A comienzos de año se informaba que seis menores de edad habían muerto en las últimas semanas producto de tiroteos entre bandas rivales o “ajustes de cuenta”, cifra que ha seguido aumentando. Cuatro carabineros han sido asesinados en los últimos meses -tres de los cuales fueron víctimas de una mortal emboscada en Cañete, cuyos cuerpos además fueron calcinados-, a lo que se suma que prácticamente a diario la prensa informa de casos en que aparecen personas asesinadas a tiros en plena calle, cuando no descuartizadas o con señales de haber sido torturadas. En tanto, los portonazos, encerronas o asaltos a domicilios se han vuelto ya cotidianos, y desde hace algún tiempo empiezan a proliferar los delitos de secuestro extorsivo, saliendo de la órbita casi exclusiva del crimen organizado.
Podemos seguir mencionando casos que en su momento han conmocionado a la sociedad. En febrero el país vivió una de las más grandes tragedias de su historia, con devastadores incendios en la Región de Valparaíso que cobraron la vida de 135 personas, y a la fecha sigue habiendo familias que no han recibido su vivienda de emergencia. En materia escolar -un área fundamental, considerando que allí se juega el futuro de los niños-, se ha informado que todavía hay familias que no logran encontrar un colegio para sus hijos dentro de la red pública o de colegios que cuentan con subvención del Estado; en fin, poco y nada se ha sabido de los más de mil menores fallecidos en programas de acogida del ex Sename -noticia que en su momento provocó un escándalo-, y es un hecho que ya casi no llama la atención que aparezca una nueva fundación envuelta en líos de platas, o que alguna autoridad comunal termine en la cárcel por manejos irregulares de recursos públicos.
Estos casos, y tantos otros que se podrían mencionar, tienen en común no solo que en su momento generaron gran revuelo e indignación, sino que también comparten el hecho de que a pesar de que por sus profundas implicancias deberían estar muy presentes en el debate público y ser parte de la conversación habitual entre los chilenos, solo alcanzan a estar unos días como titulares o como tendencias en las redes, para luego perder protagonismo y con suerte resurgir cada tanto o sencillamente caer en el olvido, como por ejemplo ocurrió con los niños del ex Sename.
Es que pareciera ser que como sociedad ya nada nos sorprende demasiado, nada pareciera importar lo suficiente, más allá de indignaciones pasajeras, constituyendo una suerte de apatía social o indolencia cuyas consecuencias son más profundas de lo que aparentemente se podría creer.

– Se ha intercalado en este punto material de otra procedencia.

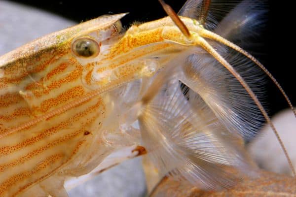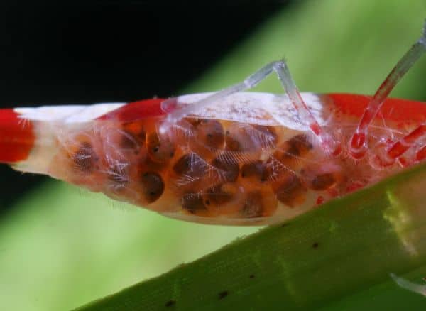 Garnelen sind sicherlich nicht die größten Wasserbewohner, aber gerade das bringt den Beobachter dazu, genauer hinzusehen. Die wirbellosen Krebstiere zeigen nämlich durchaus ein charakteristisches Sozialverhalten. So haben sie spezialisierte Formen der Nahrungsaufnahme, und auch ihr Wachstum lässt sich gut beobachten, da sie sich von Zeit zu Zeit häuten, indem sie aus ihrer Außenhülle schlüpfen. Ab einem gewissen Alter kann die Häutung auch ein Zeichen für die Geschlechtsreife sein. Dann versprüht das Weibchen seinen Charme in Form von Pheromonen im Wasser, was wiederum die Männchen aufweckt und sie zum markanten Paarungsschwimmen animiert. Die Geschlechtsteile befinden sich bei Garnelen im Nackenbereich und sind bei manchen Arten durch den Panzer hindurch erkennbar. Wer genau hinschaut, kann bei trächtigen durchsichtigen Weibchen sogar schon die schwarzen Augen der Larven durch die Eierschale hindurch sehen.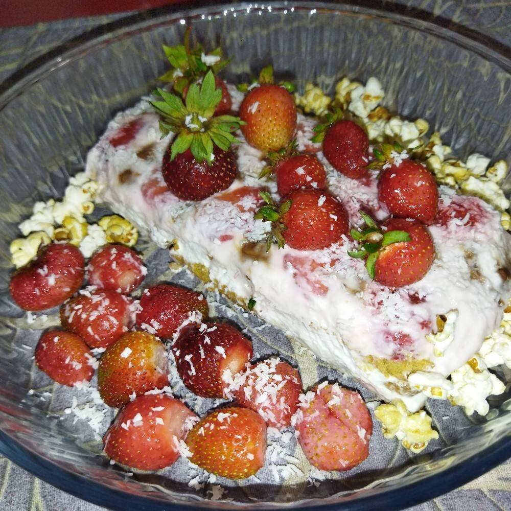 #ягоды #летнееменю В рецептуре не указываю количество ингредиентов, ведь каждый будет готовить индивидуальным размером этот тортик! Удачи, дерзайте💐🤗! Ингредиенты: Ягода свежая , Печенье, Печенье, Конфетки, Йогурт (лучше пожирнее 8%), Снежок (можно ряженку, йогурт), Паста творожная (вкус на усмотрение), Кокосовая стружка, Попкорн сладкий для украшения Способ приготовления: Приготовить ингредиенты. Застелить форму (любую) плëнкой пищевой. Собрать тортик слоями. *1-Посыпать на дно кокосовую стружку, покрошить конфетки. *2-Затем выложить разрезанные пополам ягодки. 3-Промазать сверху ягодки йогуртом. *4-Выложить слой сладкого печенья. *5-Залить,,Снежком" достаточным количеством, чтобы пропитались нижние слои. 6-Печенье обильно промазать творожной пастой. *7-Выложить заключительный слой -печеньками промазанной стороной на предыдущий слой, немного придавить руками. *Поставить в холодильник пропитываться на 4 часа. Достать из холодильника. *Выложить из формы за края пищевой плëнки. *Помест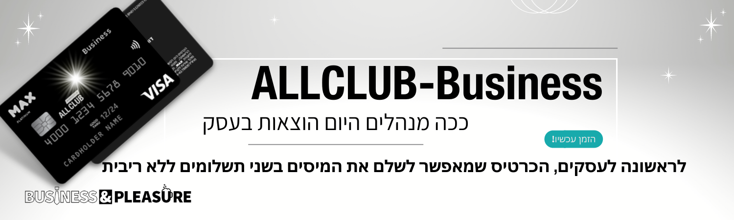ההטבות. *מתנת הצטרפות: קבלת כרטיס ה-giftcard ומימושו מותנים בהפעלת הכרטיס ובביצוע עסקה ראשונה בכרטיס האשראי. כרטיס תשלום כהגדרתו בחוק הבנקאות (רישוי), התשמ”א-1981. לעניין זה “עסקה” לא כולל משיכות מזומנים, עמלות, ריביות, הלוואות ומוצרי אשראי שונים. אין החזר כספי בגין אובדן/גניבה/אי-שימוש. השימוש בכרטיס בהתאם לעלון הנלווה. תוקף הכרטיס הנטען 5 שנים. בתי העסק בהם ניתן לממש את ה-GC עשויים להשתנות מעת לעת. המוצרים והשירותים באחריות בית העסק בלבד. הטבה חד פעמית ללקוח ולמצטרפים חדשים בלבד. *פטור מעמלת דמי כרטיס: ההטבה היא למשך שנתיים, החל ממועד ההצטרפות וכל עוד הכרטיס משויך למועדון. לאחר שנתיים דמי כרטיס יעמדו על 19.90 ₪. הטבה חד פעמית למצטרפים חדשים. max תהיה רשאית לשנות את דמי הכרטיס בכל עת בכפוף לכל דין. *פינוקים 1+1 VIP: צפייה והזמנת הטבות VIP תתאפשר לאחר הזדהות באתר max. הרכישה באמצעות כרטיס אשראי max בלבד. הזכאות לפינוק מותנית בביצוע עסקאות בכרטיס ב-2,000 ש”ח (לא כולל משיכות מזומנים, עמלות, הלוואות ומוצרי אשראי שונים). עד 4 פינוקים בחודש ללקוח (ברמת ת.ז). *פריסת תשלומי מס הכנסה ומע”מ: ההטבה מתעדכנת אוטומטית כך שכל תשלום ארנונה, מים, חשמל וטלפון ייפרס אוטומטית ל-2 תשלומים ללא ריבית. ניתן להסיר את ההטבה בכל עת, בפנייה למוקד הלקוחות של max בטל’ 2133*. *ביטוח נסיעות לחו”ל חינם: בכפוף לתנאי הפוליסה AIG Traveler המלאים של איי אי ג’י ישראל חברה לביטוח בע”מ הניתנים לעיון באתר AIG ובאתר max. הפוליסה אינה מעניקה כיסוי למצב מחלתי קיים, להחמרתו או להיריון. הביטוח בחינם ניתן עד חמישי ימי שהייה רצופים בחו”ל בלבד. ברכישת ביטוח נסיעות לכל תקופת הנסיעה. לאחר תקופת ההטבה, התשלום בהתאם לפוליסה שנרכשה. *Pay-Back: בכפוף לתקנון Pay-Back. *מסגרת אשראי: בכפוף לתנאי החברה. *קביעת גובה ההחזר החודשי: בכפוף לתנאי ההצטרפות. יתרת הסכום, שלא תחויב, תצורף לסל עסקות מצטבר נושא ריבית בהתאם לריבית שנקבעה בכרטיס. אי עמידה בפירעון ההלוואה עלול לגרור חיוב בריבית פיגורים והליכי הוצאה לפועל. *כל מה שכתוב למעלה הוא בכפוף להסכם ההצטרפות ולתנאי הכרטיס וההטבות. הטבות יחודיות ינתנו על ידי חברת ALLCLUB ובאחריותה. *אי עמידה בפירעון ההלוואה עלול לגרור חיוב בריבית פיגורים והליכי הוצאה לפועל. כפוף לאישורה של מקס איט פיננסים בע”מ. *לצפייה בתעריפון העמלות.

Cuando una sociedad deja de escandalizarse frente a situaciones graves y abyectas, y nada pareciera llamar mayormente su atención, se entra en una compleja espiral, donde su efecto más evidente es que se deja de contar con el ímpetu para impulsar los cambios que el país requiere en los más diversos planos; es decir, las posibilidades de que algo cambie de verdad se ven ostensiblemente disminuidas, y con ello nos empezamos a acostumbrar a una realidad que a pesar de los profundos daños que puede llegar a causar a la vida en sociedad, consentimos en que ello ocurra.
Las explicaciones para este fenómeno pueden ser variadas, pero detrás de ellas se trasluce una evidente falta de empatía por los demás, un desinterés por la suerte del país o un descreimiento en las instituciones o en la política como vehículos a través de los cuales conducir procesos de cambio. Las múltiples preocupaciones que acarrea el diario vivir también puede llevar a muchos a ensimismarse.
Lo concreto es que dejar de interesarse por los problemas de la sociedad o naturalizar situaciones completamente indebidas no solo alimenta que estos hechos sigan ocurriendo, sino que además se permite que políticos ineficientes o inescrupulosos sigan en sus cargos, perpetuando así la mala política. Si a la sociedad le deja de importar que la política y la democracia funcionen bien, si deja de escandalizarse por los casos de corrupción, si pierde el asombro frente a la violencia en las calles y no le importa la suerte que corran los niños desvalidos, es definitivamente un retroceso en todo sentido.
Los medios de comunicación han tenido también una cuota de responsabilidad en que esta indiferencia se haya extendido, porque muchas veces ocurre que hechos de alta connotación dejan de tener un seguimiento en el tiempo o la reiterada forma en que se cubren -algo muy típico en ciertos espacios de la TV- produce saturación o acostumbramiento.
Revertir este cuadro de apatía e indolencia es tarea compleja, pero lo importante es comenzar a dar pasos en distintos ámbitos. Los colegios deberían fomentar un sano espíritu crítico; los votantes deben dejar de dar acríticamente su voto a los malos políticos y premiar a aquellos que lo hagan bien, independientemente de su visión política; los medios deben ser más activos en no consentir que hechos indignantes caigan en el olvido, y cada uno en su fuero interno debe asumir que perder la capacidad de asombro o dejar de indignarse frente a lo escandaloso es renunciar a la posibilidad de cambiar el rumbo de las cosas.